No. https://github.com/hashicorp/consul/blob/master/agent/check.go#L400-L415

Have you got a timestamp in the body?

magiconair on 4 Sep 2017

Have you got a timestamp in the body?

Nope.
Sometimes it's empty body and sometimes it's simple json (without any arrays).
Same response every time from the same service.

ponimas on 4 Sep 2017

@ponimas Can you provide the check definition and a full check request/response for testing?

magiconair on 4 Sep 2017

@magiconair

{
          "http": "http://172.31.17.136:3000/",
          "interval": "60s",
          "timeout": "1s"
}

as far as I understand request is a simple GET request
and response is

curl -i http://172.31.17.136:3000/

HTTP/1.1 200 OK
Date: Tue, 05 Sep 2017 05:08:32 GMT
Content-Type: application/json; charset=utf-8
x-request-id: 15045881129851FD6B543
Content-Length: 60
Server: Jetty(9.2.z-SNAPSHOT)

{"status":"ok","message":"V2. Follow me, I know a shortcut"}

curl -i /v1/health/checks/susanin

HTTP/1.1 200 OK
Content-Type: application/json
Date: Tue, 05 Sep 2017 05:17:39 GMT
Transfer-Encoding: chunked
X-Consul-Index: 15897185
X-Consul-Knownleader: true
X-Consul-Lastcontact: 0
[
...
{
        "CheckID": "service:registrator.susanin-prod-cc8b.vpc:susanin:3000",
        "CreateIndex": 15616870,
        "ModifyIndex": 15897062,
        "Name": "Service 'susanin' check",
        "Node": "susanin-prod-cc8b",
        "Notes": "",
        "Output": "HTTP GET http://172.31.17.136:3000/: 200 OK Output: {\"status\":\"ok\",\"message\":\"V2. Follow me, I know a shortcut\"}",
        "ServiceID": "registrator.susanin-prod-cc8b.vpc:susanin:3000",
        "ServiceName": "susanin",
        "ServiceTags": [
            "urlprefix-/internal/susanin strip=/internal/susanin"
        ],
        "Status": "passing"
    },
...
]

ponimas on 5 Sep 2017

@magiconair is there any news on this issue?

ponimas on 11 Sep 2017

consul 0.9.2 - same behaviour, is it possible that header Date may trigger index to grow?

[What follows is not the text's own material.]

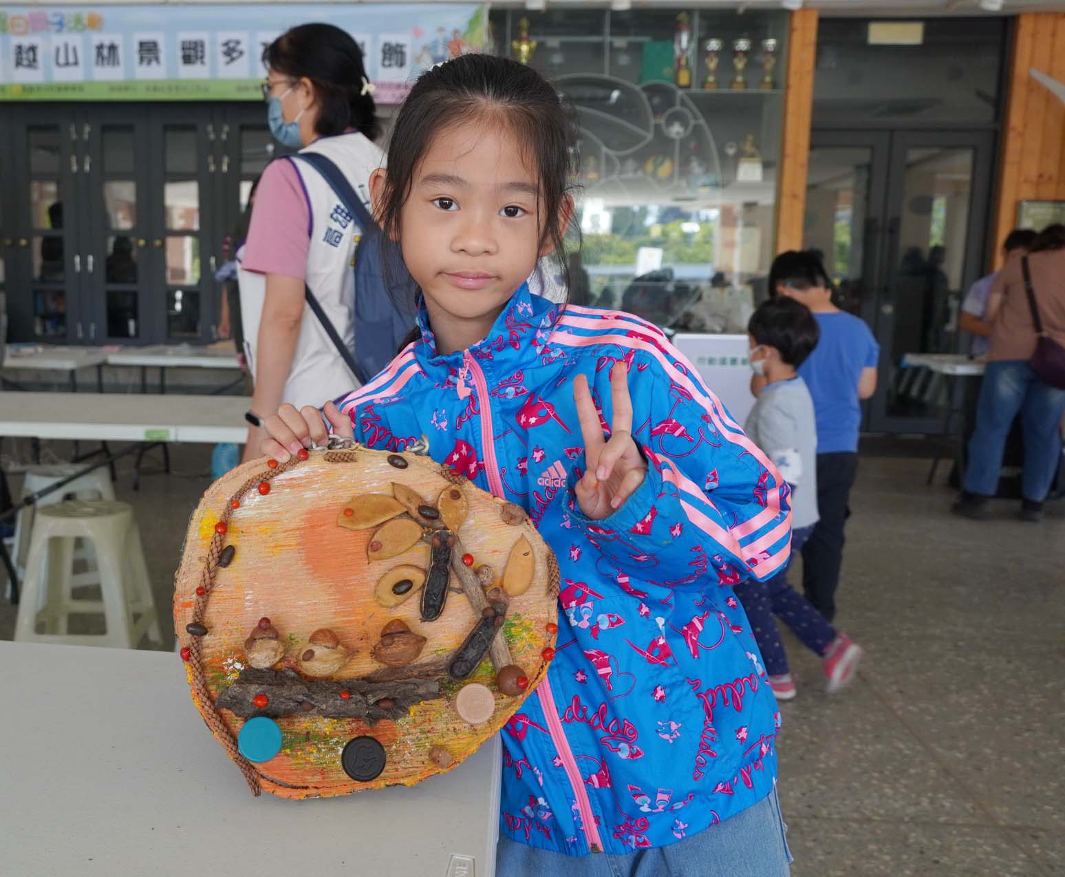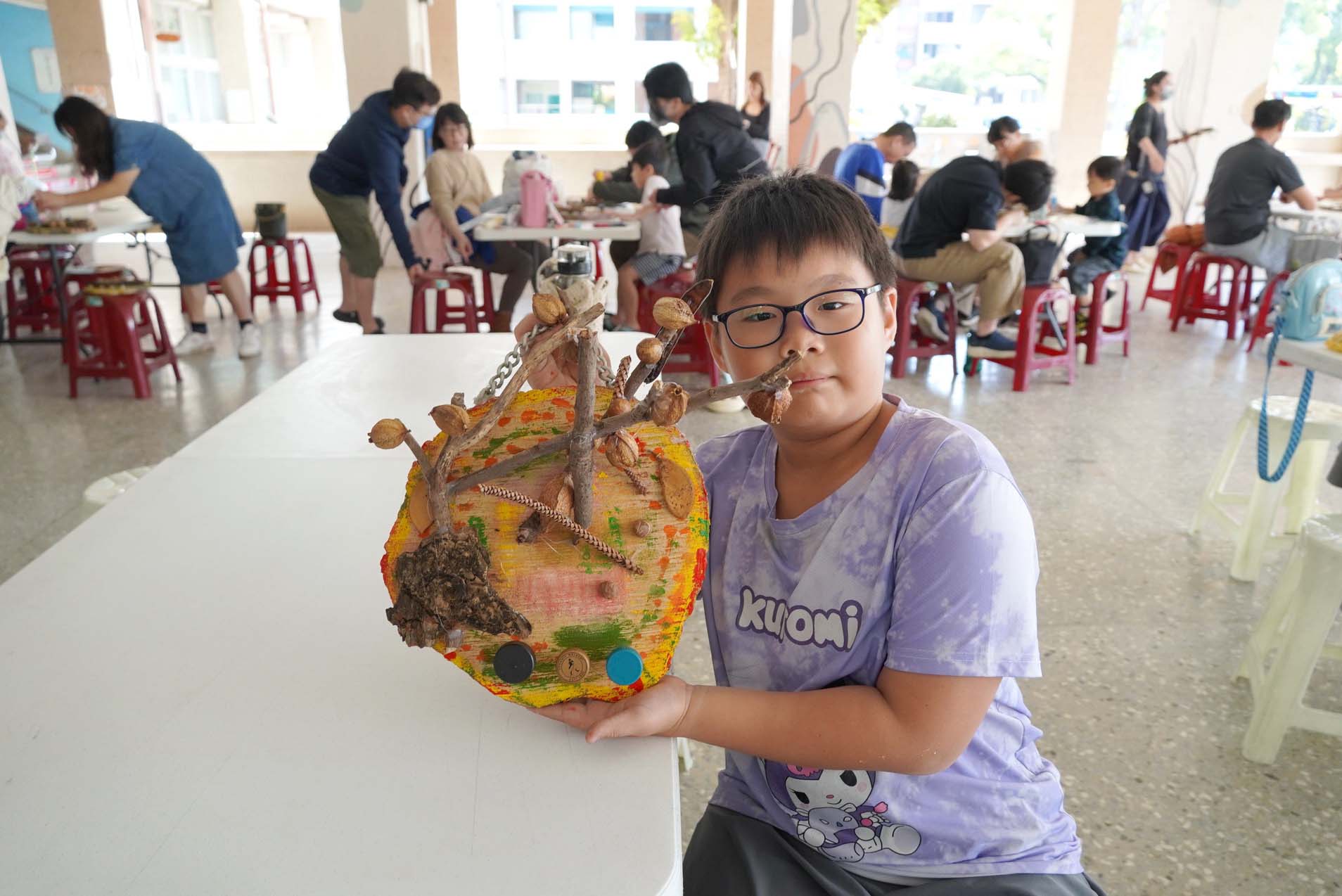高市社教館「穿越山林景觀~多功能掛飾」活動3月8日在新興區大同國小舉行,邀請李月琴指導逾百名親子利用木片、樹皮、果實、蔬果核等隨手可得素材,體驗彩繪樂趣、創作掛鉤及具擴香功能吊飾,市議員許采蓁服務處秘書許伃嘉、新興區大同國小校長陳詠禎、主任吳淑鈴、社教館秘書姜淑菁等人到場同樂,左營區屏山國小學生陳芬比說,感謝母親陪伴,活動有趣,利用果實創作蝸牛、毛毛蟲及大樹,新興區新興國小學生黃奎越說,開心能和母親報名參與,發想創作立體樹。

PS C:\tools\curl> .\curl.exe -k --resolve ztest.service.consul:443:127.0.0.1 https://ztest.service.consul
Test consul site
PS C:\tools\curl> .\curl.exe -k -I --resolve ztest.service.consul:443:127.0.0.1 https://ztest.service.consul
HTTP/1.1 200 OK
Content-Length: 16
Content-Type: text/html
Last-Modified: Thu, 22 Jun 2017 14:10:40 GMT
Accept-Ranges: bytes
ETag: "b64af75361ebd21:0"
Server: Microsoft-IIS/8.5
X-Powered-By: ASP.NET
Date: Thu, 14 Sep 2017 11:50:27 GMT

PS C:\tools\curl> .\curl.exe -k -I --resolve ztest.service.consul:443:127.0.0.1 https://ztest.service.consul
HTTP/1.1 200 OK
Content-Length: 16
Content-Type: text/html
Last-Modified: Thu, 22 Jun 2017 14:10:40 GMT
Accept-Ranges: bytes
ETag: "b64af75361ebd21:0"
Server: Microsoft-IIS/8.5
X-Powered-By: ASP.NET
Date: Thu, 14 Sep 2017 11:50:37 GMT

123BLiN on 14 Sep 2017

I'm currently a bit sick and also preparing for HashiConf next week. Should be able to catch my breath after that.

magiconair on 14 Sep 2017

@magiconair is that gonna be fixed in 1.0?

ponimas on 10 Oct 2017

@ponimas If I can find the root cause then probably. However, usually this is triggered by the Output field being different. I'll try to have a look this week but it is a short week for me.

magiconair on 10 Oct 2017

@ponimas does that x-request-id: 15045881129851FD6B543 field change on every GET? That would cause some churn if so.

slackpad on 10 Oct 2017

@slackpad yup it changes. But it's header.
AFAIU https://github.com/hashicorp/consul/issues/3259#issuecomment-327017362 - it shouldn't affect anything

ponimas on 11 Oct 2017

@ponimas ah ok - I thought you were actually running that curl command as the check.

slackpad on 11 Oct 2017

@slackpad I think you should have a look to @yfouquet patch.
In our cluster, the X-Consul-Index is increasing continuously while state is not varying that much. We have lots of checks on services with tags and we have very large amount of sync at cluster level, probably for this reason

pierresouchay on 22 Nov 2017

btw our indexes are still growing insanely fast w/out health check output. However consul watchers and consul-template do not trigger on them and in general they trigger only on changes - there should be some undocumented magic here, as I always thought that trigger event for such blocking queries is x-consul-index change.

123BLiN on 22 Nov 2017

Might be related as well: https://github.com/hashicorp/consul/issues/3712

pierresouchay on 25 Nov 2017

Closing this as fixed by https://github.com/hashicorp/consul/pull/3642 which looks to be the root cause of this.

slackpad on 14 Dec 2017

We've upgraded to consul 1.0.2 but we're seeing this issue with the nomad health check.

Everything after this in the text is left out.